» Activity: Would you please give every entry again exactly, without the pictures?

##############################

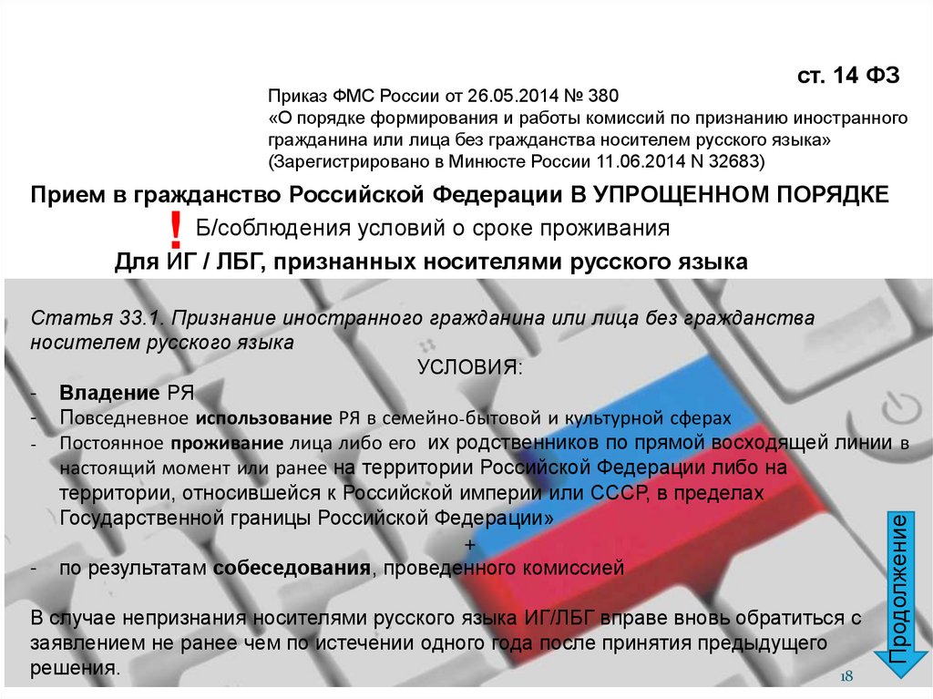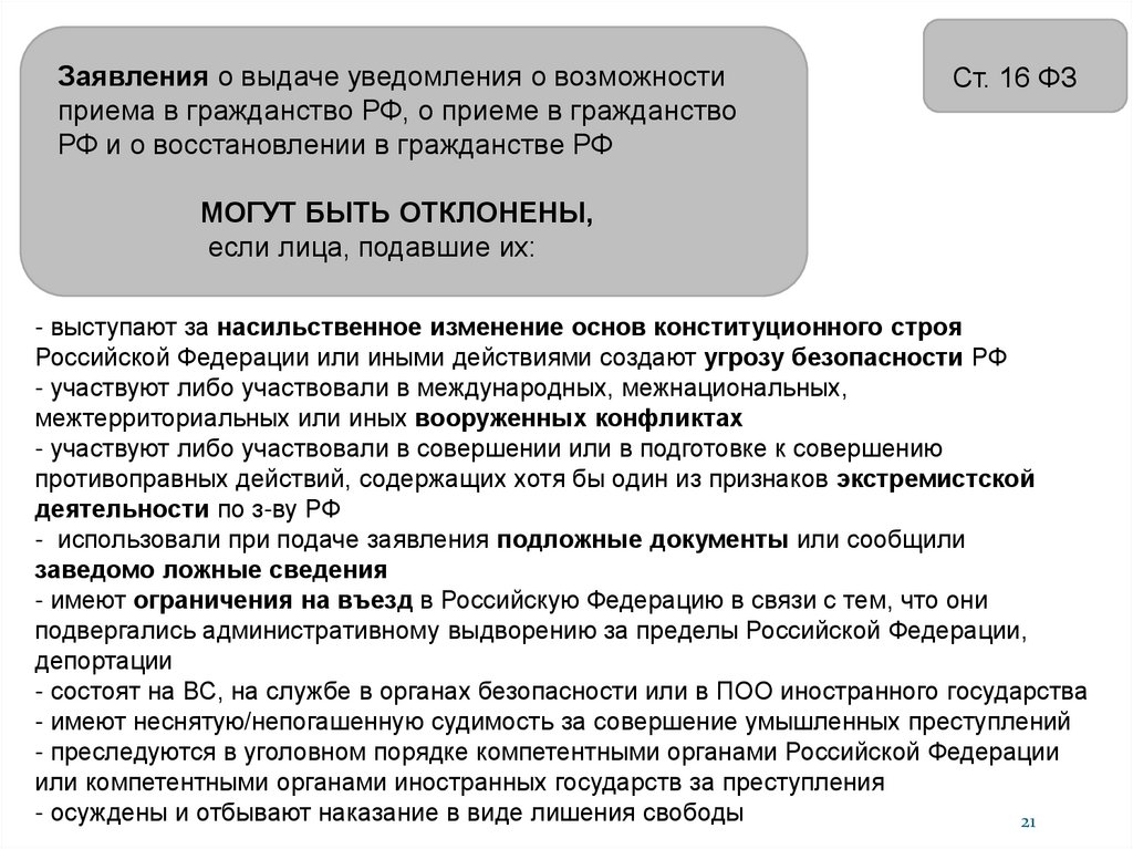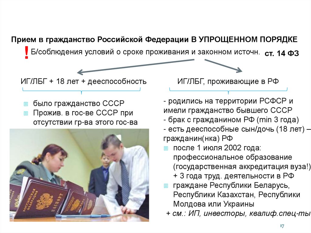 на прием в гражданство Российской Федерации в упрощенном порядке, идет речь на слайде 17?
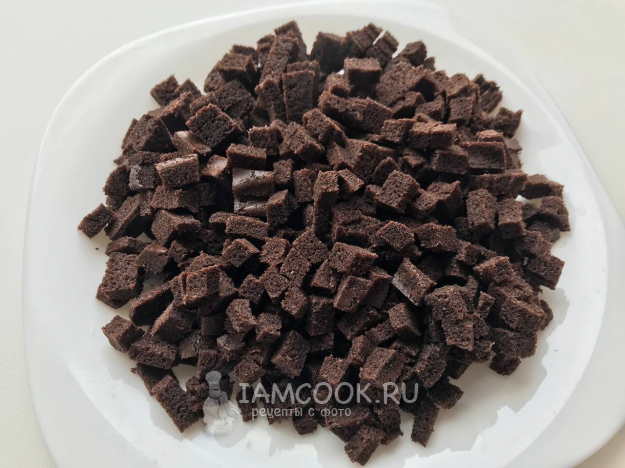 Остывший бисквит (корж) нарезать на мелкие кубики.
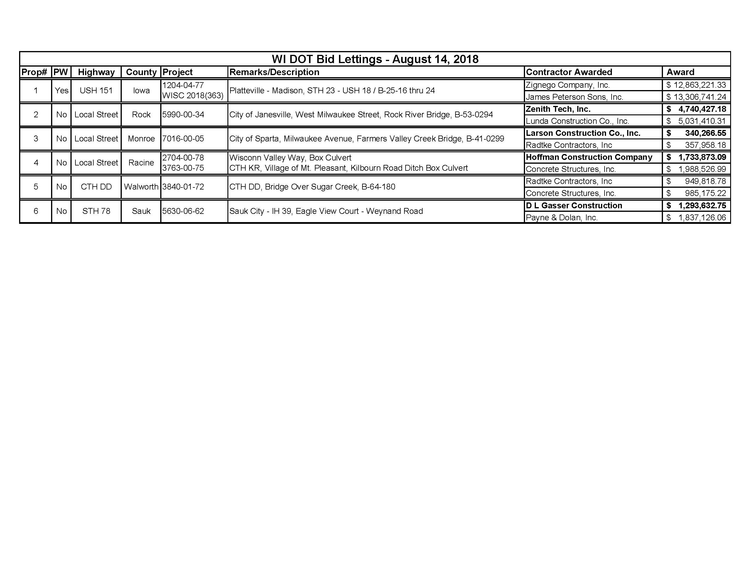 WI DOT Bid Lettings – August 14, 2018 Posted on August 14, 2018 by Becky Laumann - DOT Bid Lettings, Member News, News, Transportation Click Here To Download the PDF Version: DOT Bid Lettings – 8.14.18
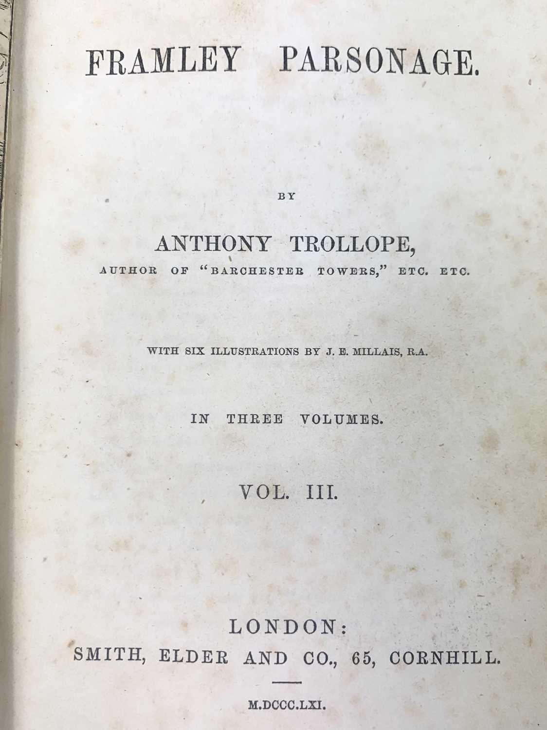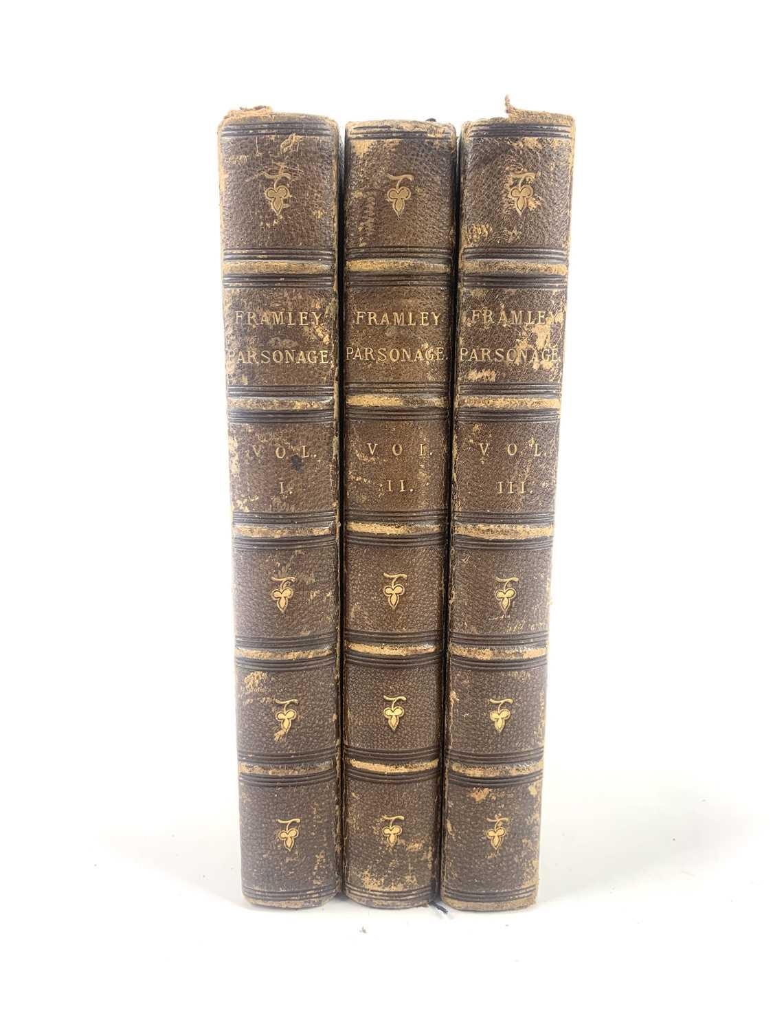 ANTHONY TROLLOPE. 'Framley Parsonage,' first edition, triple decker (three vols), half leather, rubbed and bumped, frontis engraving, Smith, Elder and Co, London, 1861. (3)
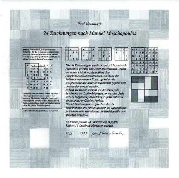 Heimbach, Paul: 24 Zeichnungen nach Manuel Moschopoulos. Erste Auflage. o. O. o. V. [Selbstverlag]. 1995. 30 x 30 cm. [25] unpaginierte Blätter. OPappfolder in schwarzem Plattenhüllenfolder, eingelegt in transparentem Plastikumschlag mit montierter Titelei. Sehr gutes Exemplar. Künstlerbuch von Paul Heimbach (1946 – 2013) bestehend aus einer Sammlung von 24 schwarzweissen Kopien von Zeichnungen auf Transparentpapier. Titelblatt vom Künstler in schwarzem Faserschreiber signiert, datiert und nummeriert. Eines von 12 Exemplaren, hier Exemplar Nr. 6/12. [Vgl. Paul Heimbach: Werkverzeichnis der Bücher und Auflagenobjekte. Books & Editions 1967 – 2008. Catalogue Raisonné. Köln 2009, S. 43 (dort abgebildet)].
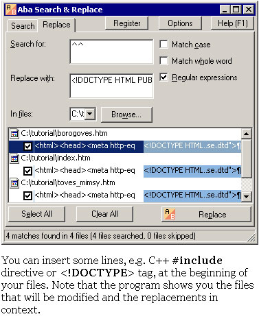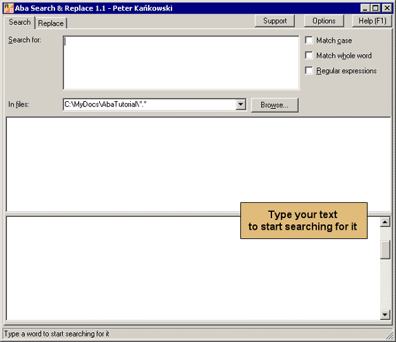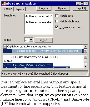 Aba Search and Replace is a tool for replacing text in and across multiple files. With Aba, you can quickly correct errors on your web pages, replace banners and copyright notices, change method names, and perform other text-processing tasks.
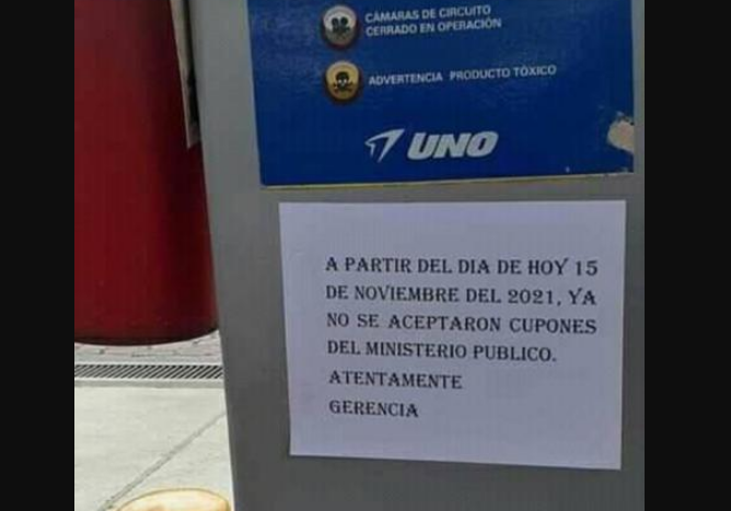 En algunas de estas estaciones aparecieron carteles en los que se lee: «A partir del día de hoy 15 de noviembre del 2021, ya no se aceptan cupones del Ministerio Público». La orientación es firmada por la gerencia.
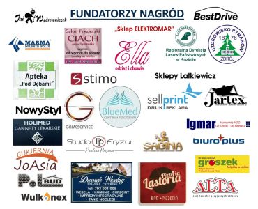 Pani Elżbiecie Wojtuń właścicielowi sklepu Ella, Panu Markowi Domaradzkiemu i Pizzerii Lastoria, Panu Stanisławowi Latkiewiczowi właścicielowi „Sklepów LATKIEWICZ”, Panu Arturowi Luśnia i Robertowi Zajdel - Firmie GAMESERVICE, Panu Ireneuszowi Kopeć i Biuro Plus Krosno, Panu Pawłowi Zajdel i Firmie Pol Bud, Markowi Ramut - IGMAR Jasło dziękujemy za super nagrody związane ze sportem, odpoczynkiem i nie tylko.
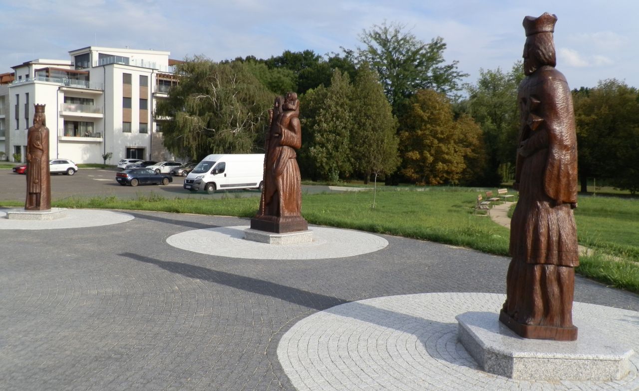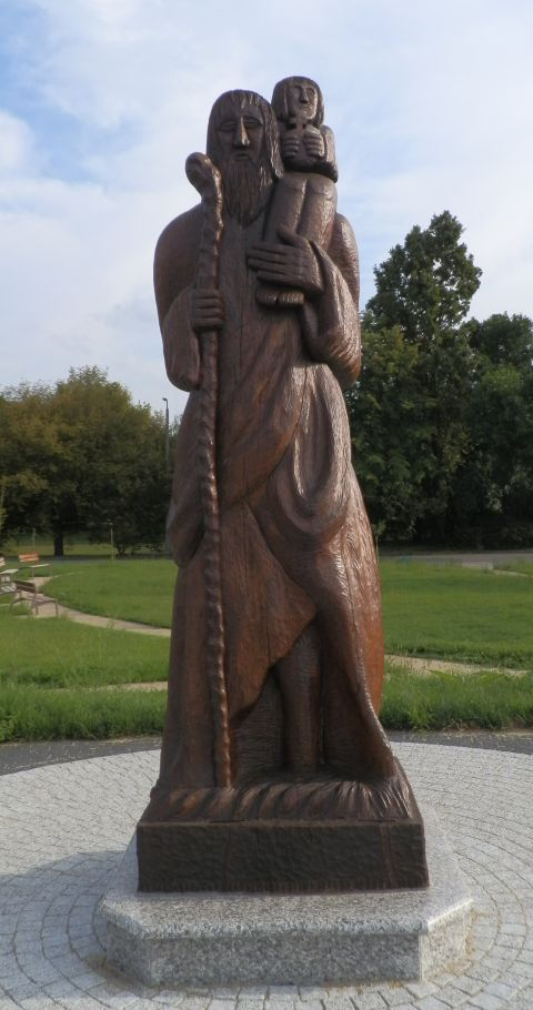 A szolnoki Vízügyi emlékparkba – szemben állva a faragványokkal balról jobbra – Szent László, Szent Kristóf és Nepomuki Szent János alakjait faragta meg. Három olyan szentét, akik valamilyen módon köthetők a vízhez, a vízből élőkhöz. Szent László királyunkhoz (1077-1095) ugye nagyon sok legenda kapcsolódik, többek között az, amely szerint imájával a sziklából vizet fakasztott katonáinak. A középre helyezett Szent Kristóf vállán gyermek képében a teremtővel látható, hiszen a III. században Szamóban élt Kristóf a legenda szerint egy nehezen járható folyón egyszer gyermek képében az „urat” cipelte át a túlpartra, hogy utána életét a térítésnek szentelje. A harmadik alkotás a csehországi születésű Nepomuki Szent János. Az egykori prágai érseki helynököt 1729-es szentté avatása óta a folyók, a hajósok, a hidak, a vízimolnárok és a halászok védőszentjeként tisztelik. Nem véletlen, hogy Szolnok egyik legrégebbi köztéri szobra is őt ábrázolja, amely a Vártemplom mögött áll.

##############################

» Written solution:
 на прием в гражданство Российской Федерации в упрощенном порядке, идет речь на слайде 17?
 Остывший бисквит (корж) нарезать на мелкие кубики.
 WI DOT Bid Lettings – August 14, 2018 Posted on August 14, 2018 by Becky Laumann - DOT Bid Lettings, Member News, News, Transportation Click Here To Download the PDF Version: DOT Bid Lettings – 8.14.18
 ANTHONY TROLLOPE. 'Framley Parsonage,' first edition, triple decker (three vols), half leather, rubbed and bumped, frontis engraving, Smith, Elder and Co, London, 1861. (3)
 Heimbach, Paul: 24 Zeichnungen nach Manuel Moschopoulos. Erste Auflage. o. O. o. V. [Selbstverlag]. 1995. 30 x 30 cm. [25] unpaginierte Blätter. OPappfolder in schwarzem Plattenhüllenfolder, eingelegt in transparentem Plastikumschlag mit montierter Titelei. Sehr gutes Exemplar. Künstlerbuch von Paul Heimbach (1946 – 2013) bestehend aus einer Sammlung von 24 schwarzweissen Kopien von Zeichnungen auf Transparentpapier. Titelblatt vom Künstler in schwarzem Faserschreiber signiert, datiert und nummeriert. Eines von 12 Exemplaren, hier Exemplar Nr. 6/12. [Vgl. Paul Heimbach: Werkverzeichnis der Bücher und Auflagenobjekte. Books & Editions 1967 – 2008. Catalogue Raisonné. Köln 2009, S. 43 (dort abgebildet)].
 Aba Search and Replace is a tool for replacing text in and across multiple files. With Aba, you can quickly correct errors on your web pages, replace banners and copyright notices, change method names, and perform other text-processing tasks.
 En algunas de estas estaciones aparecieron carteles en los que se lee: «A partir del día de hoy 15 de noviembre del 2021, ya no se aceptan cupones del Ministerio Público». La orientación es firmada por la gerencia.
 Pani Elżbiecie Wojtuń właścicielowi sklepu Ella, Panu Markowi Domaradzkiemu i Pizzerii Lastoria, Panu Stanisławowi Latkiewiczowi właścicielowi „Sklepów LATKIEWICZ”, Panu Arturowi Luśnia i Robertowi Zajdel - Firmie GAMESERVICE, Panu Ireneuszowi Kopeć i Biuro Plus Krosno, Panu Pawłowi Zajdel i Firmie Pol Bud, Markowi Ramut - IGMAR Jasło dziękujemy za super nagrody związane ze sportem, odpoczynkiem i nie tylko.
 A szolnoki Vízügyi emlékparkba – szemben állva a faragványokkal balról jobbra – Szent László, Szent Kristóf és Nepomuki Szent János alakjait faragta meg. Három olyan szentét, akik valamilyen módon köthetők a vízhez, a vízből élőkhöz. Szent László királyunkhoz (1077-1095) ugye nagyon sok legenda kapcsolódik, többek között az, amely szerint imájával a sziklából vizet fakasztott katonáinak. A középre helyezett Szent Kristóf vállán gyermek képében a teremtővel látható, hiszen a III. században Szamóban élt Kristóf a legenda szerint egy nehezen járható folyón egyszer gyermek képében az „urat” cipelte át a túlpartra, hogy utána életét a térítésnek szentelje. A harmadik alkotás a csehországi születésű Nepomuki Szent János. Az egykori prágai érseki helynököt 1729-es szentté avatása óta a folyók, a hajósok, a hidak, a vízimolnárok és a halászok védőszentjeként tisztelik. Nem véletlen, hogy Szolnok egyik legrégebbi köztéri szobra is őt ábrázolja, amely a Vártemplom mögött áll.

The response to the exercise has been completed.